Rin swallowed. Her throat tasted like acid. “They don’t tell that story in the south.”
“And why do you think that is?” Nezha asked.
She turned that over in her mind for a moment. Then she laughed.
“My people are mud,” she said. “And you’re still going to let them run a country.”
“I don’t think they’re mud,” Nezha said. “I think they’re still unformed. Uneducated and uncultured. They don’t know better because they haven’t been given the chance. But the Republic will shape and refine them. Develop them into what they were meant to be.”
“That’s not how it works.” Rin took the clump of mud from Nezha’s hand. “They’re never going to become more than what they are. The north won’t let them.”
“That’s not true.”
“You think that. But I’ve seen how power works.” Rin crushed the clump in her fingers. “It’s not about who you are, it’s about how they see you. And once you’re mud in this country, you’re always mud.”
Chapter 18
“You’re joking,” Ramsa said.
Rin shook her head, and her temples throbbed at the sudden movement. Under the harsh light of dawn, she’d come to deeply regret ever touching alcohol, which made the task of informing the Cike they’d been disbanded very distasteful. “I’m unranked. Jinzha’s orders.”
“Then what about us?” Ramsa demanded.
She gave him a blank look. “What about you?”
“Where are we supposed to go?”
“Oh.” She squeezed her eyes shut, trying to remember. “You’re being reassigned. You’re on the Griffon, I think, and Suni and Baji are on the tower ships—”
“We’re not together?” Ramsa asked. “Fuck that. Can’t we just refuse?”
“No.” She pressed a palm into her aching forehead. “You’re still Republic soldiers. You have to follow orders.”
He stared at her in disbelief. “That’s all you’ve got?”
“What else am I supposed to say?”
“Something!” he shouted. “Anything! We’re not the Cike anymore, and you’re just going to take that lying down?”
She wanted to cover her ears with her hands. She was so exhausted. She wished Ramsa would just go away and break the news to the others for her so that she could lie down and go to sleep and stop thinking about anything.
“Who cares? The Cike’s not that important. The Cike is dead.”

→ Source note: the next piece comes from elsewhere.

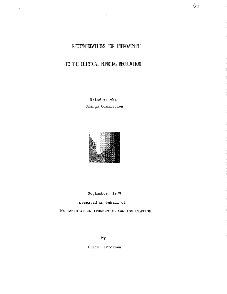 Brief to the Grange Commission on recommendations to the Clinical Funding Regulation

Ramsa grabbed at her collar. But he was so scrawny, shorter even than she, that it only made him look ridiculous.
“What is wrong with you?” he demanded.
“Ramsa, stop.”
“We joined this war for you,” he said. “Out of loyalty to you.”
“Don’t be dramatic. You entered this war because you wanted Dragon silver, you like blowing shit up, and you’re a wanted criminal everywhere else in the Empire.”
“I stuck with you because we thought we’d stay together.” Ramsa sounded like he was about to cry, which was so absurd that Rin almost laughed. “We’re always supposed to be together.”
“You’re not even a shaman. You’ve got nothing to be afraid of. Why do you care?”
“Why don’t you care? Altan named you commander. Protecting the Cike is your duty.”
“I didn’t ask to be commander,” she snapped. Altan’s invocation brought up feelings of obligation, duty, that she didn’t want to think about. “All right? I don’t want to be your Altan. I can’t.”
What had she done since she’d been put in charge? She’d hurt Unegen, driven Enki away, seen Aratsha killed, and gotten her ass kicked so badly by Daji that she couldn’t even properly be called a shaman anymore. She hadn’t led the Cike so much as encouraged them to make a series of awful decisions. They were better off without her. It infuriated her that they couldn’t see that.
“Aren’t you angry?” Ramsa asked. “Doesn’t this piss you off?”
“No,” she said. “I take orders.”
She could have been angry. Could have resisted Jinzha, could have lashed out like she’d always done. But anger had only ever helped her when it manifested in flames, and she couldn’t call on that anymore. Without the fire she wasn’t a shaman, wasn’t a proper Speerly, and certainly wasn’t a military asset. Jinzha had no reason to listen to or respect her.
And she knew by now that the fire was never coming back.
“You could at least try,” Ramsa said. “Please.”
There was no fight left in his voice, either.